Numpy is a package to compute efficiently on multi-dimensional arrays (tensors) with Python. It offers various features, some of them listed below:
types:
numeric data types of different precisions
ndarray: multi-dimensional array of a particular type.
masked Arrays: array that may have missing values, e.g. for missing data or land masks
functions and methods:
ufunc: operate element wise on arrays (+, -, sin, cos, …)
ndarray methoden: e.g. mean, sum, max, transpose, dot …
linear algebra (matrix inversion, etc.)
…
Before we can use numpy, we have to import it.
import numpy as np
Ndarray¶
The ndarray class is the foundation of numpy. A ndarray object represents a multidimensional and homogeneous array consisting of elements of fixed size. This means that all elements are of the same type.
Creating Arrays¶
To create an ndarray object, the following functions are used:
a1 = np.array([1, 2, 3])
a2 = np.array([1., 2, 3])
# Array containing only zeros
z = np.zeros((3, 2))
# Array containing only ones
o = np.ones((5, 3))
# Array containing only zeros with the same metadata as o
zeros_from_ones = np.zeros_like(o)
# Array without initial values
buffer = np.empty((3, 2))
# 10x10 identity matrix
a = np.eye(10)
# As range(), but also for floats
x1 = np.arange(1, 10, 0.1)
x2 = np.linspace(0, 2 * np.pi, 100)
y = np.sin(x1)
Note
Arrays can also be initialized via a sequence, such as a list or a tuple, or other iterable types, e.g. a range.
print(np.array(range(3)))
[0 1 2]
Attributes¶
Arrays have attributes which contain its meta data. These attributes are:
ndim
: Number of dimensionsshape
: tuple of the length of the dimensionssize
: number of all elementsdtype
: data type of all elementsitemsize
: size of the elements in bytes
a = np.array([[2, 3, 1], [5, 7, 3]])
print(a)
print(a.ndim)
print(a.shape)
print(a.size)
print(a.dtype)
print(a.itemsize)
[[2 3 1]
[5 7 3]]
2
(2, 3)
6
int64
8
Indexing and Slicing¶
Indexing and slicing works in the same way as it does for sequences.
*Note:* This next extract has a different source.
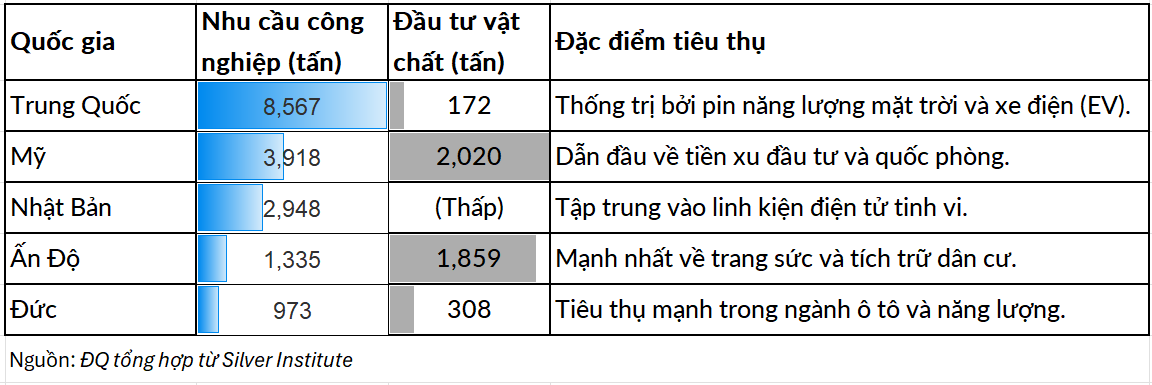 Top 5 quốc gia có nhu cầu bạc lớn nhất thế giới năm 2024

a = np.array(range(9), dtype=np.int)
print(a)
print(a[4])
print(a[1:3])
print(a[::-1])
[0 1 2 3 4 5 6 7 8]
4
[1 2]
[8 7 6 5 4 3 2 1 0]
Numpy array are mutable
which means that we can change elements of an array after it has been created.
Note
When changing an element of an array, the data will be casted to the type of the array. This may cause loss of information as shown below.
a = np.array(range(9))
print(a)
a[5] = 3.4
print(a)
[0 1 2 3 4 5 6 7 8]
[0 1 2 3 4 3 6 7 8]
Warning
Unlike for lists, slices of an numpy array are references to the slice of the original array. Hence changing data of a slice also changes the original array!
a = np.array(range(9))
b = a[1:2]
b[0] = 20
print(b)
print(a)
[20]
[ 0 20 2 3 4 5 6 7 8]
Multi-dimensional arrays may have one index per axis. Tuples of indices are automatically filled with :
to the right.
a = np.random.random((2, 3, 4))
print(a)
print(a[1, 2, 1])
print(a[:, 1, 1])
print(a[1:, :, :])
print(a[-1])
[[[0.75927542 0.67008731 0.06948295 0.3219854 ]
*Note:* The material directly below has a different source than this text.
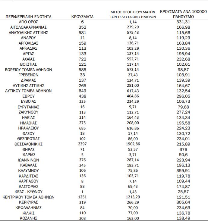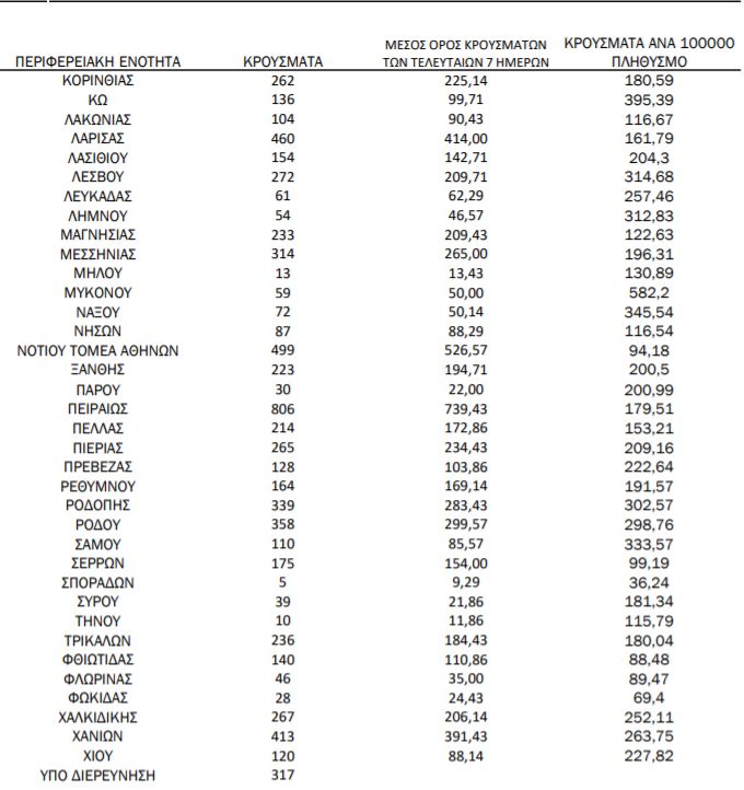 Το χάρτη συμπληρώνουν η Φωκίδα με 28 και η Ευρυτανία με 16, έχοντας τα λιγότερα κρούσματα και σε αντιστοιχία ανά 100.000 κατοίκους.

[0.8164175 0.89856409 0.48034308 0.85270738]
[0.13092369 0.29600006 0.6499389 0.10710406]]
[[0.2234761 0.95906661 0.68333508 0.70382561]
[0.59257239 0.62352223 0.95006678 0.86956172]
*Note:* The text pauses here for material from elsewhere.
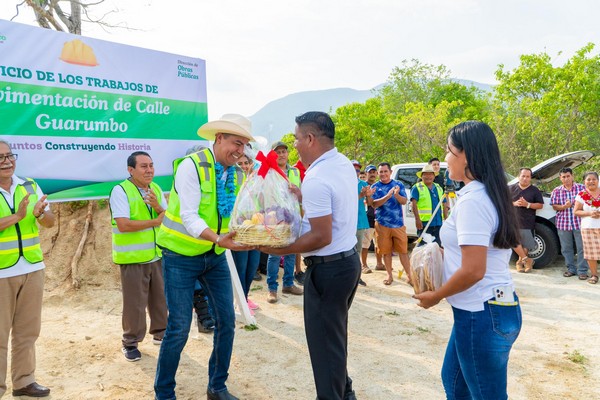 Nos reunimos con las y los habitantes de barrio Guarumbo para informarles sobre el inicio de la pavimentación de la calle principal de esta importante comunidad de nuestra cabecera municipal de Santa María Huatulco.

[0.06296639 0.27606878 0.12782001 0.62795607]]]
0.2760687789695674
[0.89856409 0.62352223]
[[[0.2234761 0.95906661 0.68333508 0.70382561]
[0.59257239 0.62352223 0.95006678 0.86956172]
[0.06296639 0.27606878 0.12782001 0.62795607]]]
[[0.2234761 0.95906661 0.68333508 0.70382561]
[0.59257239 0.62352223 0.95006678 0.86956172]
[0.06296639 0.27606878 0.12782001 0.62795607]]
Sometimes we may want to write code that does not assume a particular number of dimensions for the arrays.
Here, the ...
notation is useful. It is used as an dummy for as many :
as necessary to fill the index tuple.
print(a[..., 0])
print(a[:2, ..., 1])
[[0.75927542 0.8164175 0.13092369]
[0.2234761 0.59257239 0.06296639]]
[[0.67008731 0.89856409 0.29600006]
[0.95906661 0.62352223 0.27606878]]
x = np.arange(2 * 3 * 2 * 5 * 4).reshape(2, 3, 2, 5, 4)
print((x[1, 2, ...] == x[1, 2, :, :, :]).all())
print((x[..., 3] == x[:, :, :, :, 3]).all())
print((x[1, ..., 4, :] == x[1, :, :, 4, :]).all())
True
True
True
Iterating over arrays¶
We can iterate over the elements of an one-dimensional array in the same way as we do for lists.
a = np.arange(10) ** 3
for e in a:
print(e ** (1 / 3.))
0.0
1.0
2.0
3.0
3.9999999999999996
4.999999999999999
5.999999999999999
6.999999999999999
7.999999999999999
8.999999999999998
Multi-dimensional arrays are iterated over with respect to the first axis.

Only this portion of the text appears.